Song by Pitbull featuring Akon and David Rush

from the album Global Warming
- Recorded: 2012
- Genre: Dance
- Length: 4:17
- Songwriter(s): Armando C. Perez; Gregor Salto; Danny Mercer; Jackson Morgan; Jencarlos Canela; Aliaune Thaim; Urales Vargas; Tzvetin Todorov; Kizzo;
- Producer(s): Gregor Salto; Tzvetin Todorov; DJ Buddha;

= Everybody Fucks =

"Everybody Fucks" is a song recorded by American rapper Pitbull from his seventh studio album, Global Warming. The song features guest vocals from Akon & David Rush. It is included in the Global Warming album's Deluxe edition as one of the additional bonus tracks. The track was written by Armando C. Perez, Gregor Salto, Danny Mercer, Jackson Morgan, Jencarlos Canela, Aliaune Thaim, Urales Vargas, Tzvetin Todorov, Kizzo and produced by Gregor Salto, Tzvetin Todorov and DJ Buddha. The instrumental of the song was later interpolated on Romanian singer, INNA's 2013 single More than Friends.

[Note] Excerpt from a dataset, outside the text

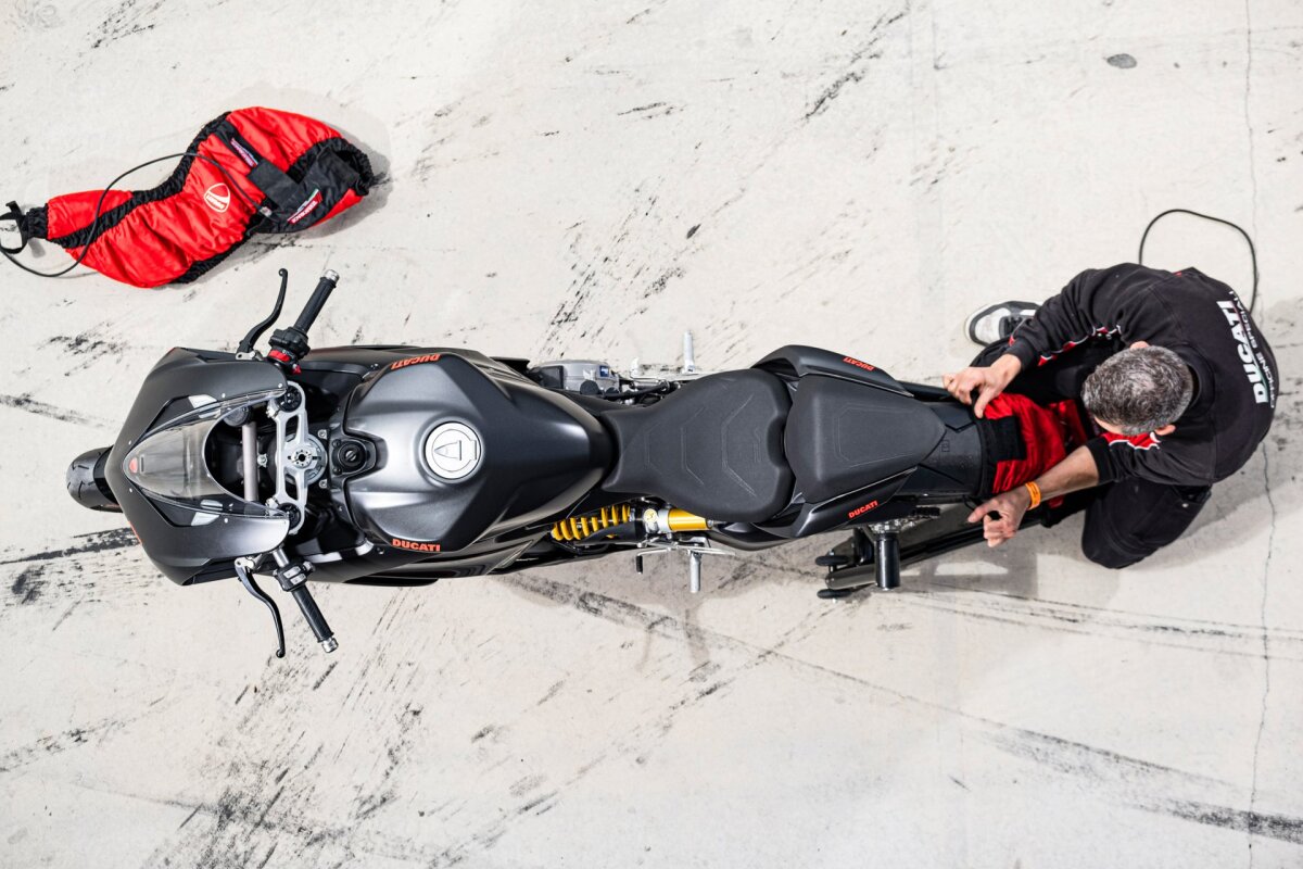 Na rok 2024 Ducati aktualizuje gamę kolorów Panigale V2 o nowe malowanie Black on Black, które będzie towarzyszyć klasycznej czerwieni Ducati. Nowa kolorystyka podkreśla odważny charakter Panigale V2. Matowa czerń przeplata się z błyszczącymi elementami w czerni, które kontrastują z czerwonymi detalami na zbiorniku, owiewkach i kołach. Nowością jest również siedzisko z nowym wzorem i materiałami.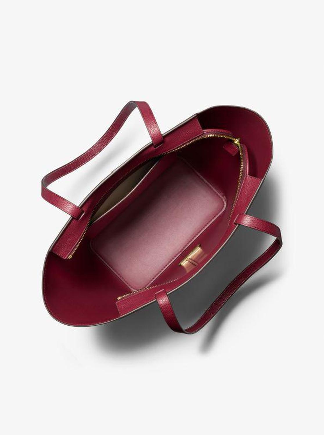 The epitome of timeless style, this structured tote deserves a spot in your handbag repertoire. Signature-print canvas and leather make up the mixed-media exterior, which lends a modern feel to the otherwise classic silhouette. A zip closure opens to a spacious interior compartment, perfect for holding your tablet, phone, and more on-the-go necessities.

The standard song cover carries the explicit title "Everybody Fucks". But in some countries, the song is being marketed as "Everybody F**ks". The track has charted on VG-lista, the official Norwegian Singles Chart.

==Chart performance==
It has charted in VG-lista, the official Norwegian Singles Chart.